The camp-meeting broke up after the Sunday morning service and most
of the worshipers, sated with their devotional experience, went home,
praising the Power in song as they rode away in the wagons laden with
their camp furniture, and their children strewn over the bedding. But for
others, the fire of the revival burned through the hot, long, August
Sabbath day, and a devout congregation crowded the Temple.
The impulse of the week past held over to the night unabated. The
spacious log-built house was packed from wall to wall; the men stood
dense; the seats were filled with women; only a narrow path was left
below the pulpit for those who might wish to rise and confess Christ
before the congregation. The people waited in a silence broken by their
deep breathing, their devout whispering, the scraping of their feet; now
and then a babe, whose mother could not leave it at home, wailed
pitifully or spitefully till it was coaxed or scolded still; now and then
some one coughed. The air was thick; a bat scandalized the assemblage
by flying in at the open door, and wavering round the tallow candles on
the pulpit; one of the men beat it down with his hat, and then picked it
up and crowded his way down the aisle, out into the night with it.

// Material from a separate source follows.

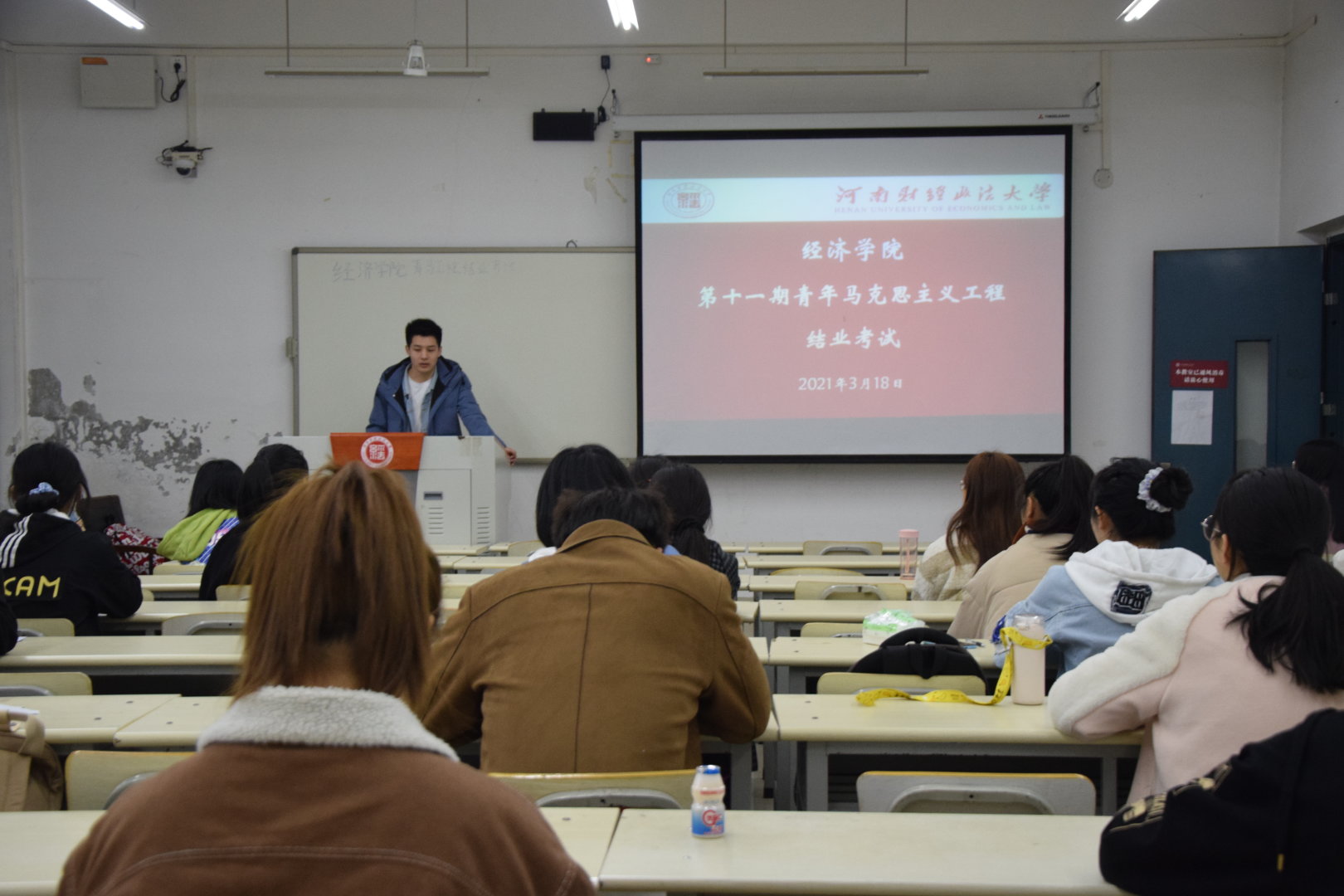 为检验同学们对于青马知识的掌握程度,国产成人精品于三月十八日在教一105举行了第十一期青年马克思主义工程结业考试。
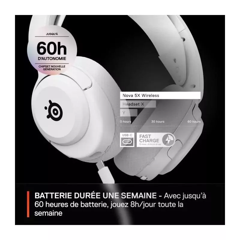 Le casque gaming sans fil STEELSERIES Arctis Nova 5X en blanc est un incontournable pour les passionnés de jeux vidéo en quête d'une expérience immersive ultime. Avec sa conception haut de gamme et ses fonctionnalités avancées, ce casque vous transporte au cœur de l'action pour vivre des moments intenses et palpitants.

When he came back it was as if he had found the stranger whom they
were all consciously expecting, and had brought him in with David
Gillespie and his girl. She was tall and straight, like her father, and her
hair was red, like his; her eyes were gray blue, and the look in them
was both wilful and dreamy.
The stranger smiled and took the hands stretched out to him in passing
by several of the different sectarians who used the Temple. Gillespie
seemed not to notice or to care for the greetings to his guest, and his
girl wore her wonted look of vague aloofness.
Matthew Braile had been given a seat at the front, perhaps in deference
to his age and dignity; perhaps in confusion at his presence. He glanced
up at the stranger with a keen glint through his branching eyebrows,
and made a guttural sound; his wife pushed him; and he said; "What?"
and "Oh!" quite audibly; and she pushed him again for answer.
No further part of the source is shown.